In order to talk about texts, markup and encoding of texts, we need to understand what we mean by these basic concepts. When we talk about text encoding, what do we mean by a text? What is in a text and what assumptions do we make in reading them?

1.1. What's in a text?

1.2. What's in a text (2)?

1.3. What's in a text (3)?

1.4. The ontology of text

Where is the text?
  • in the shape of letters and their layout?
  • in the original from which this copy derives?
  • in the stories we read into it? or in its author's intentions?
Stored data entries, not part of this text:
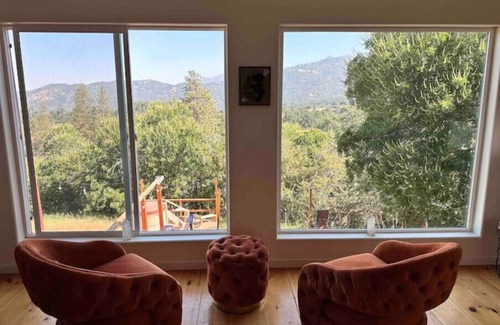 Angels Hills property is truly one of its kind. It is a gorgeous, secluded 5-acre property on top of a hill with spectacular 360° views of the surrounding Sequoia National Forest mountains with complete privacy. It’s not a common cabin you will find in the area it’s a loft-style high-ceiling house with huge windows, 3 bedrooms, 2 bathrooms Playground, Meditation Dome, Hot Tub & Sauna. A perfect retreat or family getaway destination. Check out our Inst page @angels_hills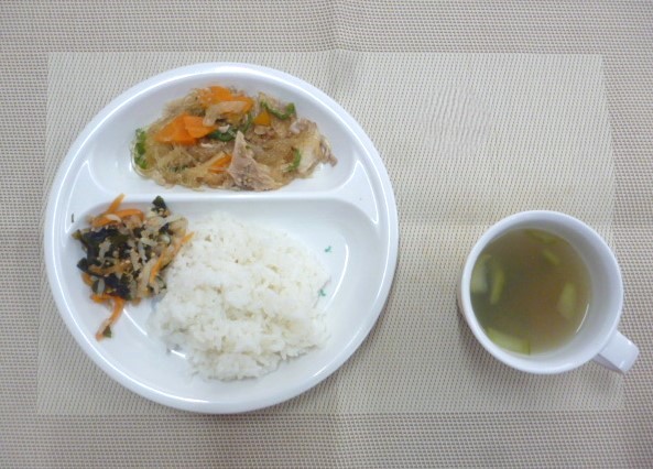今日の給食は、「チャプチェ」、「もやしとわかめのごま酢和え」と「中華スープ」 おやつは、「牛乳」、「パイン缶」と「おにぎりせんべい」です。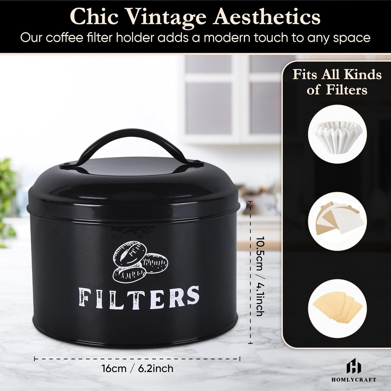 - Organize Your Coffee Filters: The coffee filter storage container has a durable, dustproof metal construction with lid and a spacious interior that allows you to store and protect coffee paper filters of all sizes and keep them at hand for easy preparation and pour-over.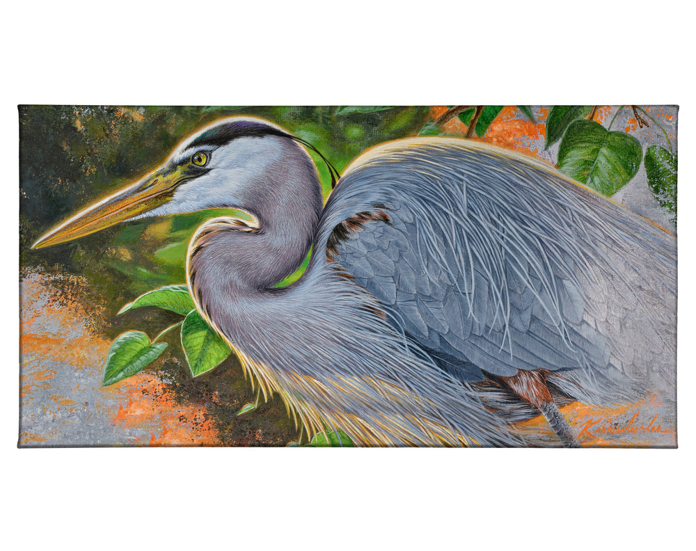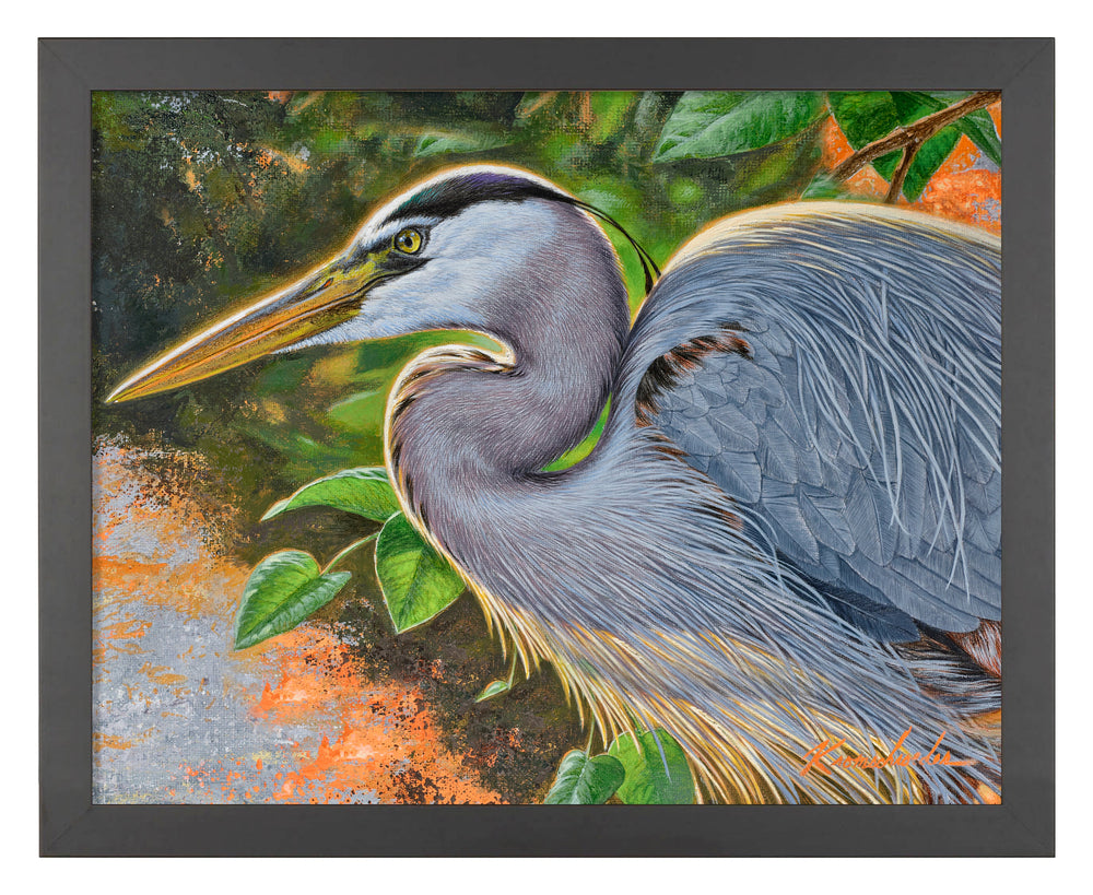 Form follows function as a backlit Great Blue Heron in full mating plumage comes forth from the rough underpainting to contrast with its vividness.

A "text" is an abstraction, created by or for a community of readers. Markup encodes and makes concrete such abstractions.

1.5. Encoding of texts

  • Texts are more than sequences of encoded glyphs
    • They have structure and content
    • They also have multiple readings
  • Encoding, or markup, is a way of making these things explicit

Only that which is explicit can be reliably processed

1.6. Styles of markup

  • In the beginning there was procedural markup
    RED INK ON; print balance; RED INK OFF
  • which being generalised became descriptive markup <balance type='overdrawn'>some numbers</balance>
  • also known as encoding or annotation

descriptive markup allows for easier re-use of data

1.7. What's the point of markup?

  • To make explicit (to a machine) what is implicit (to a person)
  • To add value by supplying multiple annotations
  • To facilitate re-use of the same material
    • in different formats
    • in different contexts
    • by different users

It's (usually) more useful to markup what we think things are than what they look like

1.8. Separation of form and content

  • Presentational markup cares more about fonts and layout than meaning
  • Descriptive markup says what things are, and leaves the rendition of them for a separate step
  • Separating the form of something from its content makes its re-use more flexible
  • It also allows easy changes of presentation across a large number of documents

1.9. Markup as a scholarly activity

  • The application of markup to a document can be an intellectual activity
  • In deciding what markup to apply, and how this represents the original, one is undertaking the task of an editor
  • There is (almost) no such thing as neutral markup -- all of it involves interpretation
  • Markup can assist in answering research questions, and the deciding what markup is needed to enable such questions to be answered can be a research activity in itself
  • Good textual encoding is never as easy or quick as people would believe
  • Detailed document analysis is needed before encoding for the resulting markup to be useful

1.10. What does markup capture?

<hi rend="dropcap">H</hi>&amp;WYN;ÆT WE GARDE <lb/>na in gear-dagum þeod-cyninga <lb/>þrym gefrunon,
hu ða æþelingas <lb/>ellen fremedon. oft scyld scefing sceaþe
<lb/>þreatum, moneg<expan>um</expan> mægþum meodo-setl
</damage>teah ...
 <l>Hwæt! we Gar-dena in gear-dagum</l>
 <l>þeod-cyninga þrym gefrunon,</l>
 <l>hu ða æþelingas ellen fremedon,</l>
 <l>Oft Scyld Scefing sceaþena þreatum,</l>
 <l>monegum mægþum meodo-setla ofteah;</l>
 <l>egsode Eorle, syððan ærest wearþ</l>
 <l>feasceaft funden...</l>

1.11. A useful mental exercise

Imagine you are going to markup several thousand pages of complex material....
  • Which features are you going to markup?
  • Why are you choosing to markup this feature?
  • How reliably and consistently can you do this?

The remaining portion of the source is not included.